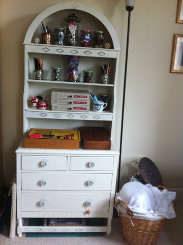 I got the dresser from eBay and the rest is repurposed from elsewhere in the house or my stash. The big dresser drawers are full of yarn!!!!
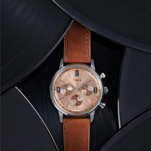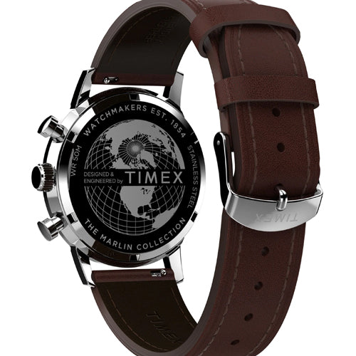 Our Marlin Chronograph Tachymeter boasts the distinction of being the first chronograph in our Marlin line, as well as the first Marlin powered by a quartz movement. This beautifully detailed rendition features a tachymeter index along its outer minute track to measure speed, as well as a unique date window placement. We’ve paired it with a supple brown natural leather strap, sourced from the Leather Working Group® (LWG) and complete with quick-release spring bars. Though its build breaks new ground in our watchmaking heritage, this timepiece retains the classic Marlin features with a sturdy 40mm stainless-steel case, domed acrylic crystal lens, and retro-style applied indices at 3, 9, and 12 o'clock.
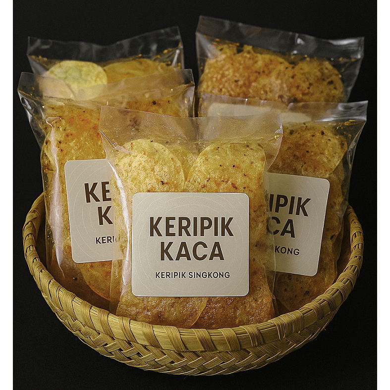 Cemilan Khas dari Ciamis yang terbuat dari Singkong/Cassava yang ditumbuk dan dibuat setipis mungkin sehingga menghasilkan tekstur yang Gurih dan Renyah, saking tipisnya jadi sebening sebuah Kaca.
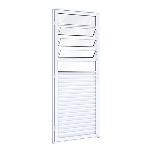 Porta de alumínio para quem busca economia sem abrir mão de qualidade. Feita em processo produtivo exclusivo e inovador. Com basculante e vidro já instalado.

**What you need to do**. Print the material above word for word, first line through the line with "Our Marlin Chronograph", and leave every picture out.

**Problem solution**.
 I got the dresser from eBay and the rest is repurposed from elsewhere in the house or my stash. The big dresser drawers are full of yarn!!!!
 Our Marlin Chronograph Tachymeter boasts the distinction of being the first chronograph in our Marlin line, as well as the first Marlin powered by a quartz movement. This beautifully detailed rendition features a tachymeter index along its outer minute track to measure speed, as well as a unique date window placement. We’ve paired it with a supple brown natural leather strap, sourced from the Leather Working Group® (LWG) and complete with quick-release spring bars. Though its build breaks new ground in our watchmaking heritage, this timepiece retains the classic Marlin features with a sturdy 40mm stainless-steel case, domed acrylic crystal lens, and retro-style applied indices at 3, 9, and 12 o'clock.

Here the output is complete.